Every time you change a program, just go to the root directory and do "gmake".
The code you need to complete is in a file named "FBEval.cpp" in
the directory "app/src". You need to implement two scoring functions
computeWeight and computeAdjustedScore, and to complete
the feedback model computation function "computeFeedbackModel", which is almost complete except that a few lines are missing. You will
need to completely understand how the function computeFeedbackModel works and how the EM algorithm is supposed to work, in order to be able to insert the missing code.
The scoring part of the code implements the following general scoring function:
s(q,d) = g(w(q1,d1,q,d) + ... + w(qN,dN,q,d),q,d)
where,
q =(q1,q2,...,qN) is a query,
d=(d1,d2,...,dN) is a document,
and q1,...,qN and d1,...,dN are terms.
That is, the score of a document d against a query q is a
function g of the accumulated weight w for each matched term.

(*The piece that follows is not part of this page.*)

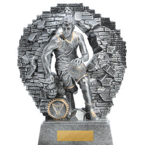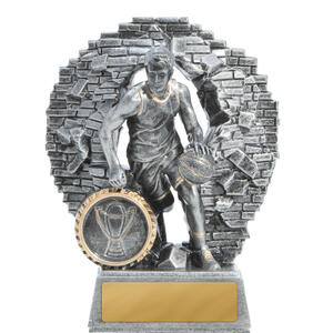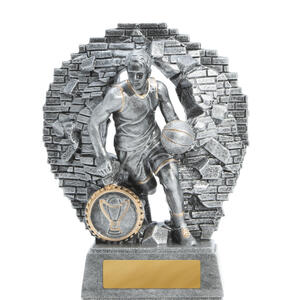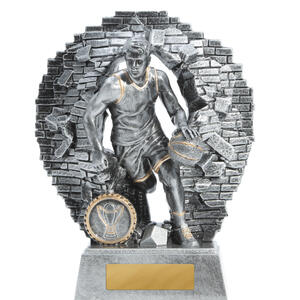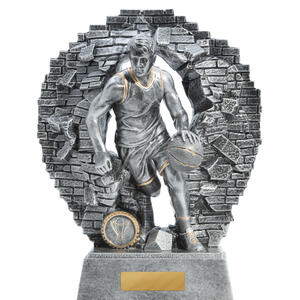 Celebrate sporting achievement with this basketball award, crafted to recognise determination and skill on the court. Featuring a male player in motion against a circular brick wall design, this trophy artfully symbolises breaking down barriers. It combines a strong, durable resin build with basketball and trophy emblem details for a memorable presentation.

The score is thus determined by
two functions g and w; both may depend on the whole query or
document. The function w gives the weight of each matched term,
and is implemented by computeWeight in the code;
the function g makes it possible to perform any
further transformation of the sum of the weight of all matched terms based on the
"summary" information of a query or a document (e.g., document length), and is
implemented by computeAdjustedScore in the code.
The function retrieval is the main scoring function. Basically, for each query, it would go through
each query term, and look up the inverted list. Then, it would iterate over
all the entries in the inverted list and for each entry, compute the
contributed weight to the score of the corresponding document. The
contributed weight is to be computed by computeWeight.
At the end, depending on the scoring formula, you may need to adjust the score of each document by some document-dependent (but term-independent) quantity.
This is the task of computeAdjustedScore.
You will need to understand how
to access information such as the length of a document, the average length
of documents in the collection, the total counts of a term in the collection,
and the total counts of all the terms in the collection. (Some of these counts have an integer type, so you may need to do type conversion when they are involved in division. ) All these information
is available through an abstract Index class interface. See the Lemur documentation.
Tasks
- [25 points] Implement the KL-divergence scoring formula with Dirichlet prior for
smoothing the document language model as described on
this note (formula 2). Here are some explanations about the code. First, the function computeWeight gets the probability of a term given by the query model.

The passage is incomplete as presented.